Он остановился и внимательно поглядел на нас, произвело ли должный эффект его заупокойное предисловие. Никто не шевельнулся, все затаили дыхание. Лица юнг и некоторых молодых матросов слегка вытянулись. Только капитан оставался спокоен, иронически улыбаясь в усы.

Помолчав немного, чтобы лучше собраться с мыслями, папаша Катрам затянулся и продолжал:

— Не помню точно, когда это случилось, с тех прошло уже немало лет, но, будучи еще совсем молодым матросом, я нанялся на большой трехмачтовый клипер, из тех, которые уже не встретишь в морях.
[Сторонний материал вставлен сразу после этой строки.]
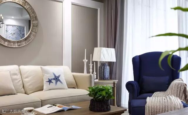 ▲在素雅的客厅空间里,蓝色的沙发格外跳跃。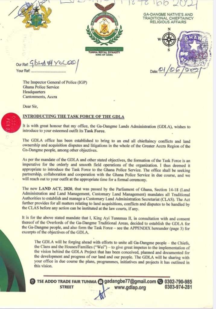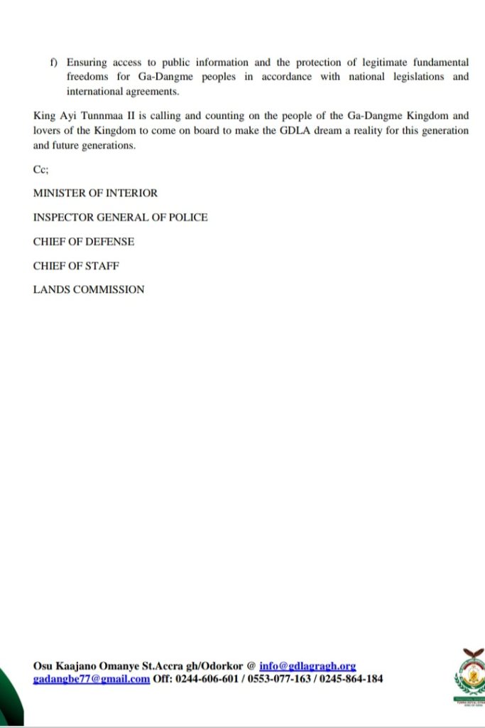 “We have established the GDLA to resolve land issues and challenges dating back as far back as the days of Ghana’s independence. A lot of lands leased to the government have expired but successive Governments after government, have failed to renegotiate or pay the appropriate renewals or whatever that is due the Ga Dangme people,” King Ayi Tunnma lamented.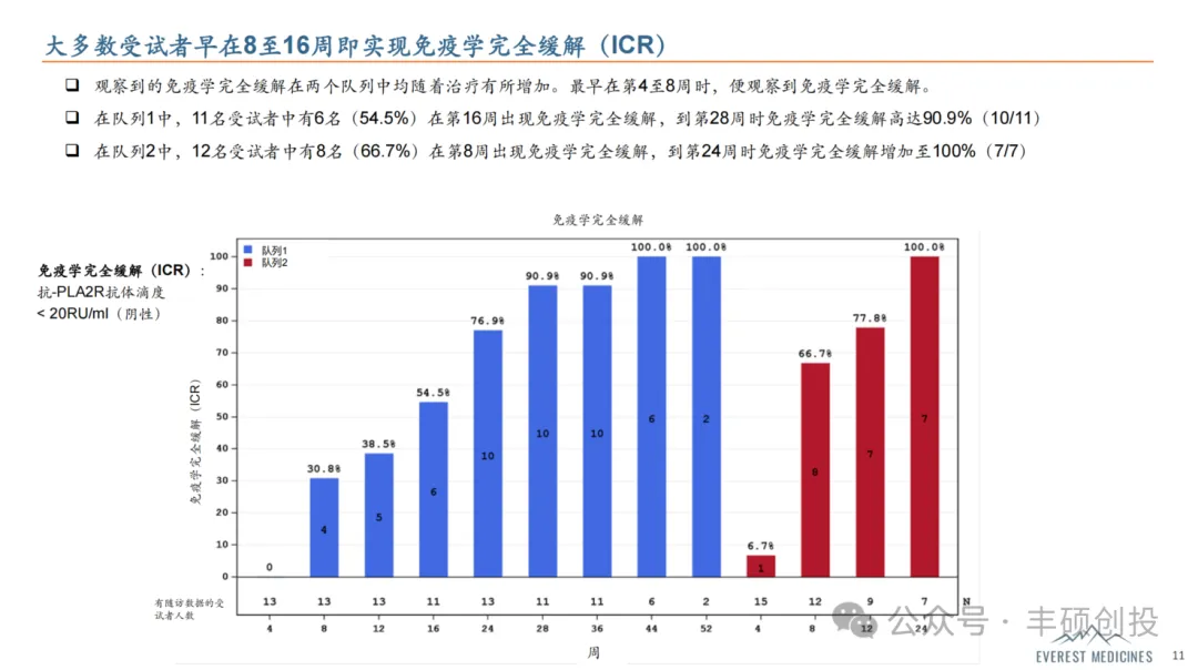免疫学应答方面,队列1(100mg QD×4w→100mg BID×32w)到第36周的免疫学完全缓解高达90.9%(10/11),队列2(200mg BID×36w)到第24周的免疫学完全缓解高达100%(7/7)。远高于同类竞品BTK抑制剂zanubrutinib到第24周免疫学完全缓解60%(12/20)(ASN 2024)。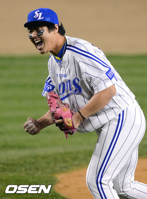 31일 오후 서울 잠실구장에서 열린 '2012 팔도 프로야구' 삼성 라이온즈와 SK 와이번스의 한국시리즈 5차전, 7회초 무사 1,2루 위기를 넘긴 삼성 안지만 투수가 주먹을 쥐며 환호하고 있다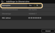 Automatisk konfiguration af Ethernet-indstillinger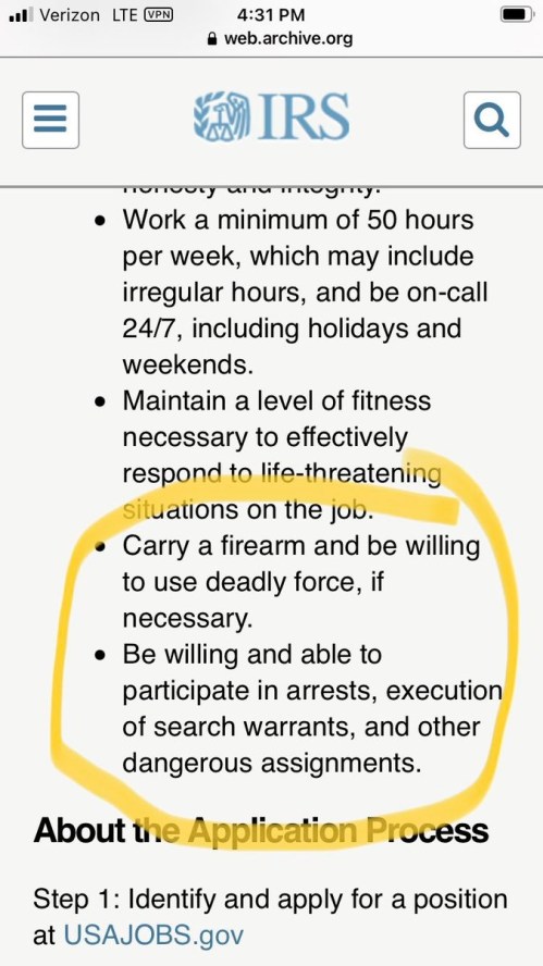 - https://notthebee.com/article/dont-panic-but-the-irs-is-now-advertising-jobs-where-you-must-be-willing-to-kill-your-fellow-americans-with-guns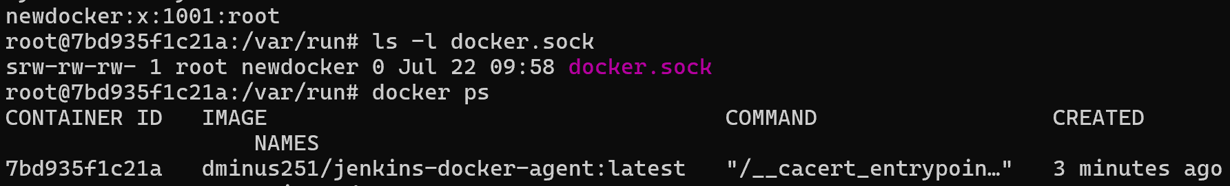 agent { docker { image 'dminus251/gardle-agent:latest' args '--privileged -v /var/run/docker.sock:/var/run/docker.sock' #추가 label 'docker-cloud-agent' } } - dminus251/jenkins-docker-agent:latest 컨테이너에 들어가 docker --version, docker ps 명령 수행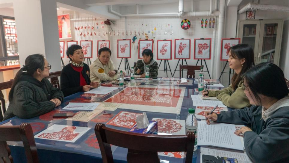 师生一行走进钢都花园123社区,在社区党委书记王俊的引导下参观非遗廉文化体验馆。馆内陈列的剪纸、皮影戏、漆扇及汉绣等作品,将廉洁教育与传统非遗文化巧妙融合。残障员工李诗谣通过“哪吒动漫”“廉政文化”等主题剪纸作品展现传统技艺的创新活力。座谈会上,双方就国际交流、志愿服务等议题展开讨论,提出依托公司的国际化教育资源,与社区联合打造“非遗廉文化+国际教育”特色课程体系,构建“数字赋能、文化传承、校社联动”的志愿服务新范式。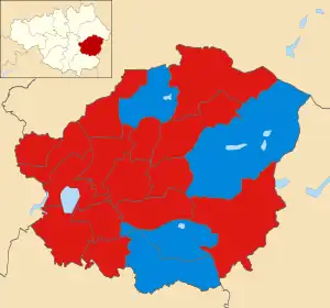 Since its creation in 1974, Tameside has always been under Labour control, aside from 1978 to 1982 when the Conservatives held a majority.[2] In the most recent election in 2021, Labour lost one seat to the Conservatives, but increased their vote share by 4.6%, winning a total of 16 seats, with the Conservatives gaining 10.7% and winning 3 seats. The Green Party of England and Wales did not gain any seats, despite winning their first seat in 2019.[3]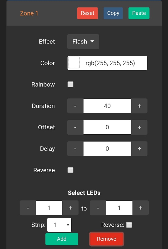 - Color sets what color the LEDs should be for this zone.

Все изменилось, и корабли, и люди… Прежде этот парусник назывался «Санта Барбара», но капитан — жестокий, мрачный человек, к тому же ужасный сквернослов и богохульник, который не боялся ни Бога, ни дьявола, — переименовал его в «Вельзевул».

Нехорошие слухи ходили об этом судне, которым командовал такой капитан. Поговаривали, что каждую ночь из глубины его трюмов доносится звон цепей и какие-то странные стоны, что в кают-компании и на спардеке матросы видели какие-то туманные силуэты, которые тут же исчезали, не дав как следует разглядеть себя, что на верхушках мачт появлялось иногда призрачное голубое пламя. Шептались еще, что каждую ночь какой-то темнолицый, весь в черном, невесть откуда взявшийся незнакомец входил в капитанскую каюту, после чего из нее до самого утра слышался звон бокалов и стук игральных костей. Одни утверждали, что сам мессир Вельзевул навещает по ночам капитана, другие говорили, что это тот несчастный моряк, которого за три года до этого несправедливо повесил на рее наш капитан, — темная история, о которой толком никто ничего не знал. Но, в общем, матросами владел страх, и, когда корабль причаливал в каком-нибудь порту, хоть один да обязательно сбегал, опасаясь плохо кончить с таким капитаном, который знается с преисподней и у которого какие-то сложные отношения со всякими выходцами из нее.

Один аббат, который хорошо знал нашего капитана, еще до рейса пытался убедить упрямого нечестивца вернуть кораблю прежнее название, но он лишь смеялся в ответ. А название «Вельзевул» осталось.

Рейс был долгим и трудным, мы прошли вдоль почти всю Атлантику, но, странное дело, ни одна буря не потревожила нас, ни один шторм не трепал. Однако на борту от этого не сделалось веселее, поскольку стоны и голоса, доносившиеся из трюмов, что ни день становились слышнее. Ни один из нас не отваживался спуститься в трюм ночью, и даже днем лишь в сопровождении двух или трех других. Я сам готов был лучше три вахты подряд отстоять, лишь бы не спускаться в эту черную бездну.

Время от времени с наступлением сумерек вахтенный замечал на горизонте какой-то гигантский трехмачтовый парусник, двигавшийся параллельным курсом, точно сопровождая нас. Но стоило лишь кому-нибудь прибежать на его крики и навести подзорную трубу в эту сторону, как трехмачтовик, словно бы растворившись в густеющих сумерках, исчезал. Мы, молодые, гадали, что бы это мог быть за корабль, но старые матросы, осенив себя крестным знамением, вполголоса произносили: «Летучий голландец».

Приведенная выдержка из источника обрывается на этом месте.